**Assigned task:** Set every record down verbatim and omit the pictures.

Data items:
──────────────────────────────

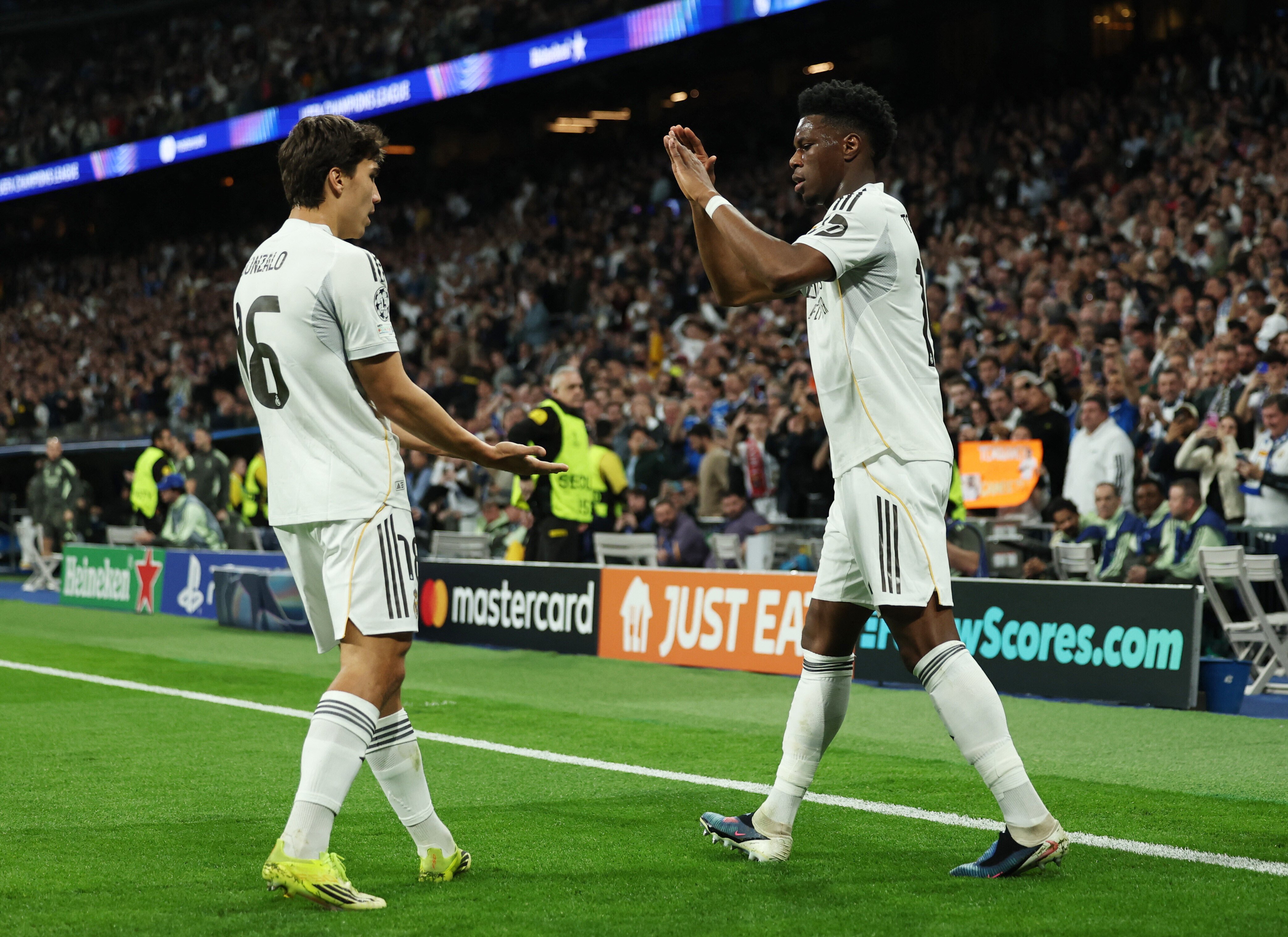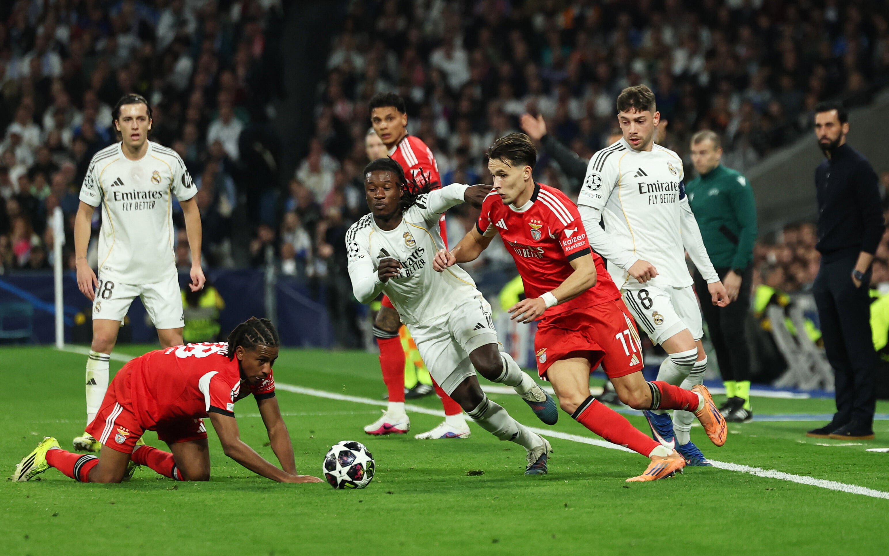 首回合憑雲尼斯奧斯祖利亞(Vinicius Junior)的入球領先的皇馬,而也因為這位前鋒的入球慶祝引發種族歧視爭議。在賓菲加的比列斯安甸尼(Gianluca Prestianni)被罰停賽下,客隊還是在14分鐘由拉法施華(Rafa Silva)打開紀錄。但是皇馬僅2分鐘後就由曹亞文尼(Aurelien Tchouameni)追平。之後皇馬有艾達古拿(Arda Guler)的入球被判「詐糊」,半場雙方各一言和。只需要1球追平的賓菲加,下半場無法再添比數,反而在80分鐘,備受爭議的雲尼斯奧斯為皇馬再入一球,令皇家馬德里以2:1擊敗賓菲加,兩回合以3:1比數晉級。皇馬16強對手會是曼城或是另一支葡萄牙球隊士砵亭。
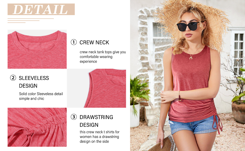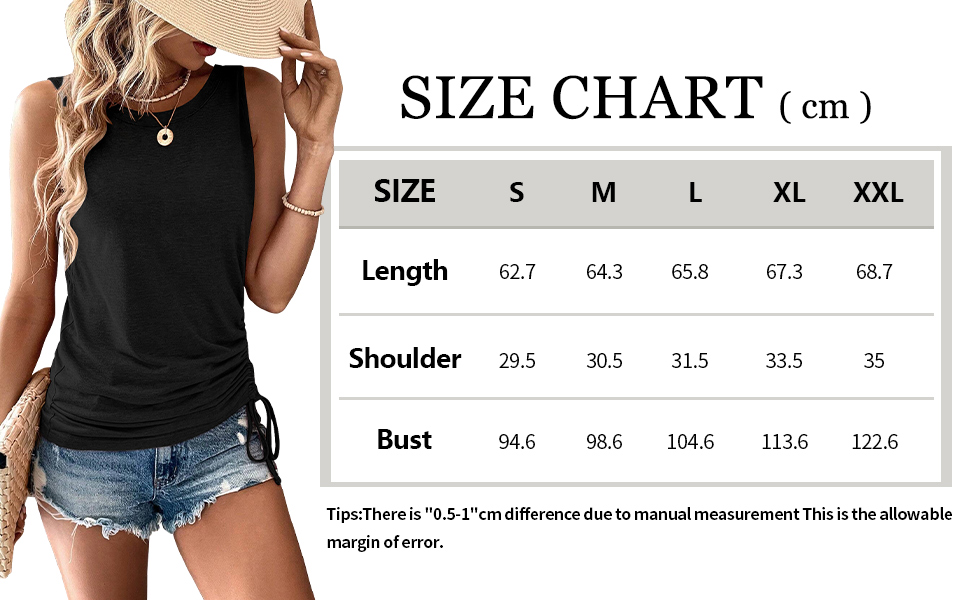 - u003Cliu003Eu003Cspan class=u0022a-list-item a-size-base a-color-baseu0022u003EMaterial: this tank tops made of a blend of 60% polyester, 5% synthetic silk, and 35% spandex, this womens tops offers the perfect combination of stretchability, breathability, and durability. The polyester fabric ensures a wrinkle-resistant and comfortable fit, with this womens tank top, you can stay cool and comfortable on hot summer days.u003C/spanu003Eu003C/liu003E u003Cliu003Eu003Cspan class=u0022a-list-item a-size-base a-color-baseu0022u003EDesign: This summer tops has drawstrings on the side, the drawstring can be used as a loose fit tank top when unraveled, or as a slim fit tank top when pulled tight to show off your perfect figure. this summer tops for women can easily switch between a loose and slimming style, offering versatility in your wardrobe.u003C/spanu003Eu003C/liu003E u003Cliu003Eu003Cspan class=u0022a-list-item a-size-base a-color-baseu0022u003EMatch: The cute tank tops is fashionable and versatile. It can be paired with necklace, shorts, overalls, jeans, jogging pants or skirts to create a trendy street style. This sleeveless tops for women is a must-have basic top for your closet.u003C/spanu003Eu003C/liu003E u003Cliu003Eu003Cspan class=u0022a-list-item a-size-base a-color-baseu0022u003EOccasion: Whether itu0027s for indoor, outdoor, casual, daily wear, lounge, school, work, beach, vacation, travel, dates, going out, club, party, shopping, this white tops for women is the perfect choice. ladies summer tops a versatile piece that can be dressed up or down for various occasions.u003C/spanu003Eu003C/liu003E u003Cliu003Eu003Cspan class=u0022a-list-item a-size-base a-color-baseu0022u003EMultiple sizes: this womenu0027s loose casual tops has five sizes: S/M/L/XL/XXL to meet the needs of women of different body types; provide a variety of sizes, update your look with our Womenu0027s Sleeveless Tank Top and experience the perfect blend of style, comfort, and versatility.u003C/spanu003Eu003C/liu003E
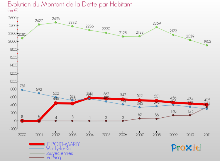 Par rapport aux 4 785 habitants de Le Port-Marly, en 2011 le poids de cette dette représente 405 € par habitant.
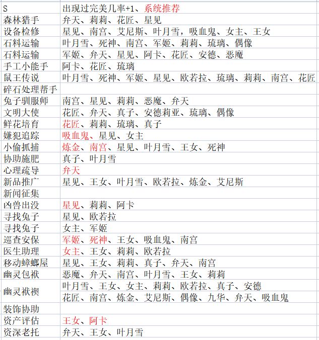 派遣完美概率+1角色记录表
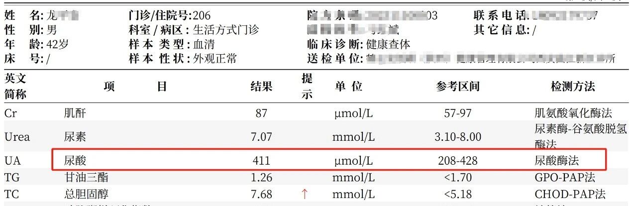 我觉得我这辈子肯定会被痛风折磨,我现在体检的尿酸指标不低,400左右,但是没有想到我43岁了,从来没有痛风过。
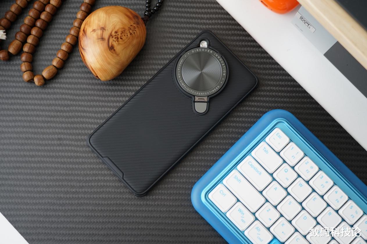 给我的一加12选的是耐尔金 黑镜Prop磁吸款,这款手机壳的特点是黑色商务风格的纹理设计(同款还有一个蓝色的),带全封闭可开合的镜头保护盖。
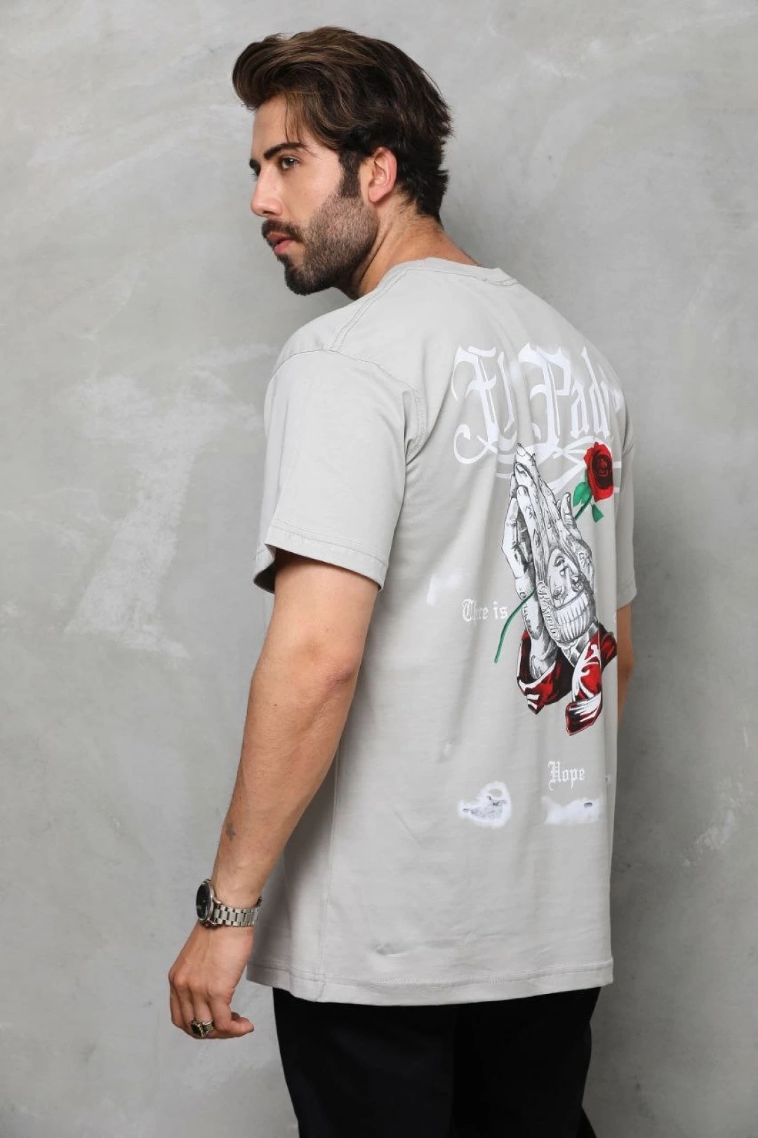 Erkek Sırt Golf Baskılı Oversize T-shirt - Gri
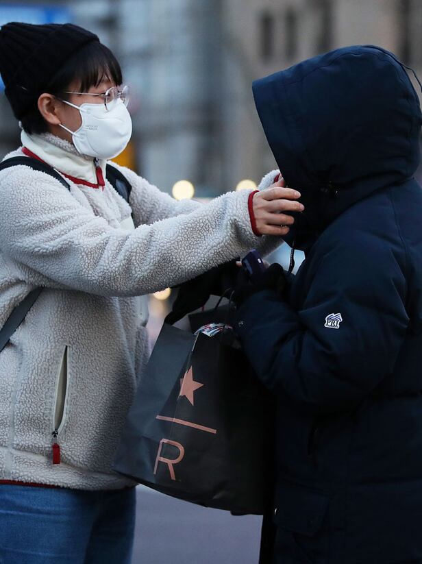 서울 지역에 한파주의보가 내려진 15일 오후 서울 종로구 광화문역 사거리에서 두꺼운 겨울옷을 챙겨 입은 시민들이 서로 퇴근을 서두르고 있다. 기상청은 16일 서울 아침 최저기온이 영하 11도, 체감온도는 영하 17도로 예보했다.
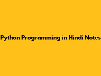 Python Programming: Hindi Notes For Beginners
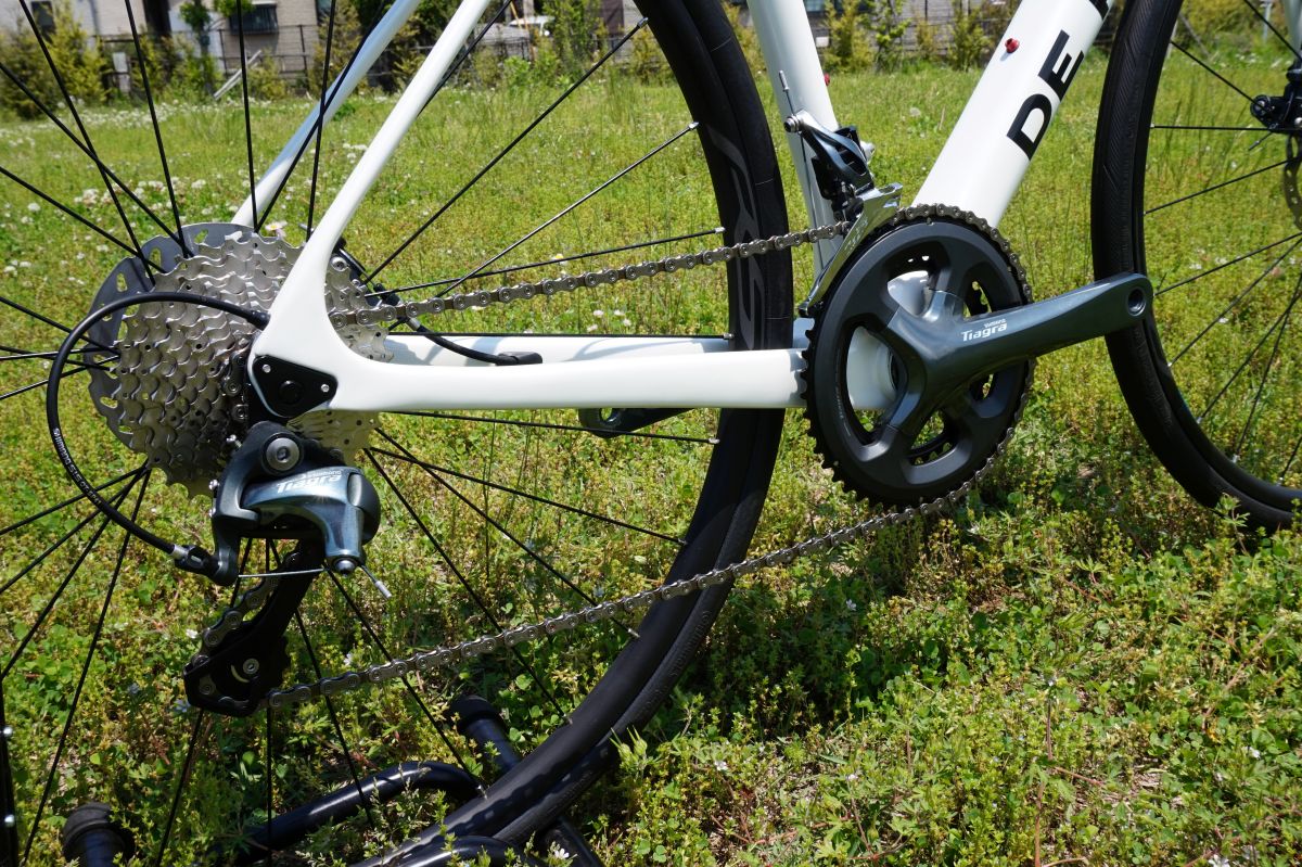 メインコンポーネントはシマノTIAGRAフラットバー。このコンポーネント、巷の評価はだいぶ低いように感じるのですが、ロングライド目的で考えるとバランスのよい製品です。アイスグレーなパーツの色も唯一無二感があります。
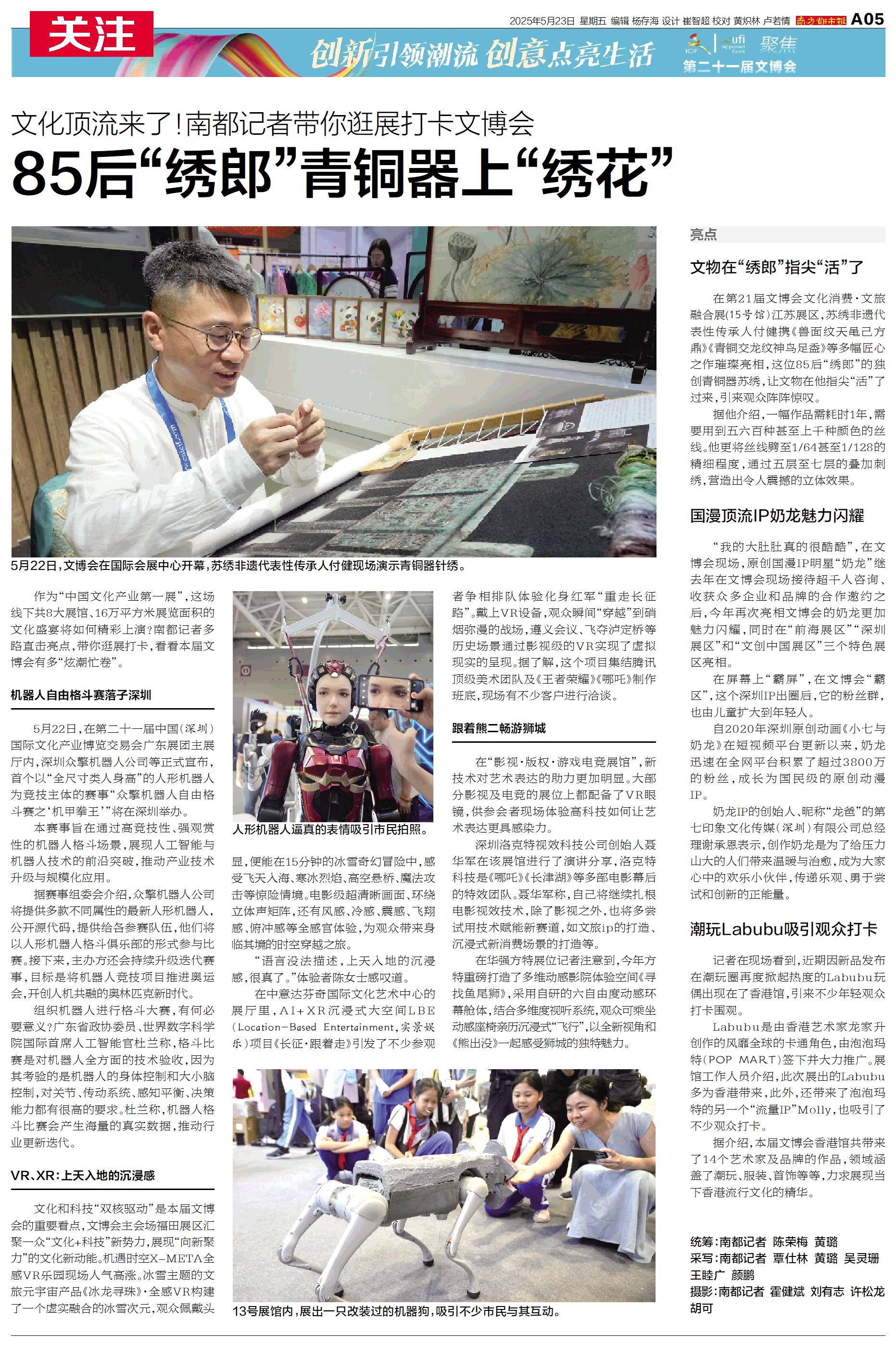 作为“中国文化产业第一展”,这场线下共8大展馆、16万平方米展览面积的文化盛宴将如何精彩上演?南都记者多路直击亮点,带你逛展打卡,看看本届文博会有多“炫潮忙卷”。

──────────────────────────────

**Answer box:**
 首回合憑雲尼斯奧斯祖利亞(Vinicius Junior)的入球領先的皇馬,而也因為這位前鋒的入球慶祝引發種族歧視爭議。在賓菲加的比列斯安甸尼(Gianluca Prestianni)被罰停賽下,客隊還是在14分鐘由拉法施華(Rafa Silva)打開紀錄。但是皇馬僅2分鐘後就由曹亞文尼(Aurelien Tchouameni)追平。之後皇馬有艾達古拿(Arda Guler)的入球被判「詐糊」,半場雙方各一言和。只需要1球追平的賓菲加,下半場無法再添比數,反而在80分鐘,備受爭議的雲尼斯奧斯為皇馬再入一球,令皇家馬德里以2:1擊敗賓菲加,兩回合以3:1比數晉級。皇馬16強對手會是曼城或是另一支葡萄牙球隊士砵亭。
 - u003Cliu003Eu003Cspan class=u0022a-list-item a-size-base a-color-baseu0022u003EMaterial: this tank tops made of a blend of 60% polyester, 5% synthetic silk, and 35% spandex, this womens tops offers the perfect combination of stretchability, breathability, and durability. The polyester fabric ensures a wrinkle-resistant and comfortable fit, with this womens tank top, you can stay cool and comfortable on hot summer days.u003C/spanu003Eu003C/liu003E u003Cliu003Eu003Cspan class=u0022a-list-item a-size-base a-color-baseu0022u003EDesign: This summer tops has drawstrings on the side, the drawstring can be used as a loose fit tank top when unraveled, or as a slim fit tank top when pulled tight to show off your perfect figure. this summer tops for women can easily switch between a loose and slimming style, offering versatility in your wardrobe.u003C/spanu003Eu003C/liu003E u003Cliu003Eu003Cspan class=u0022a-list-item a-size-base a-color-baseu0022u003EMatch: The cute tank tops is fashionable and versatile. It can be paired with necklace, shorts, overalls, jeans, jogging pants or skirts to create a trendy street style. This sleeveless tops for women is a must-have basic top for your closet.u003C/spanu003Eu003C/liu003E u003Cliu003Eu003Cspan class=u0022a-list-item a-size-base a-color-baseu0022u003EOccasion: Whether itu0027s for indoor, outdoor, casual, daily wear, lounge, school, work, beach, vacation, travel, dates, going out, club, party, shopping, this white tops for women is the perfect choice. ladies summer tops a versatile piece that can be dressed up or down for various occasions.u003C/spanu003Eu003C/liu003E u003Cliu003Eu003Cspan class=u0022a-list-item a-size-base a-color-baseu0022u003EMultiple sizes: this womenu0027s loose casual tops has five sizes: S/M/L/XL/XXL to meet the needs of women of different body types; provide a variety of sizes, update your look with our Womenu0027s Sleeveless Tank Top and experience the perfect blend of style, comfort, and versatility.u003C/spanu003Eu003C/liu003E
 Par rapport aux 4 785 habitants de Le Port-Marly, en 2011 le poids de cette dette représente 405 € par habitant.
 派遣完美概率+1角色记录表
 我觉得我这辈子肯定会被痛风折磨,我现在体检的尿酸指标不低,400左右,但是没有想到我43岁了,从来没有痛风过。
 给我的一加12选的是耐尔金 黑镜Prop磁吸款,这款手机壳的特点是黑色商务风格的纹理设计(同款还有一个蓝色的),带全封闭可开合的镜头保护盖。
 Erkek Sırt Golf Baskılı Oversize T-shirt - Gri
 서울 지역에 한파주의보가 내려진 15일 오후 서울 종로구 광화문역 사거리에서 두꺼운 겨울옷을 챙겨 입은 시민들이 서로 퇴근을 서두르고 있다. 기상청은 16일 서울 아침 최저기온이 영하 11도, 체감온도는 영하 17도로 예보했다.
 Python Programming: Hindi Notes For Beginners
 メインコンポーネントはシマノTIAGRAフラットバー。このコンポーネント、巷の評価はだいぶ低いように感じるのですが、ロングライド目的で考えるとバランスのよい製品です。アイスグレーなパーツの色も唯一無二感があります。
 作为“中国文化产业第一展”,这场线下共8大展馆、16万平方米展览面积的文化盛宴将如何精彩上演?南都记者多路直击亮点,带你逛展打卡,看看本届文博会有多“炫潮忙卷”。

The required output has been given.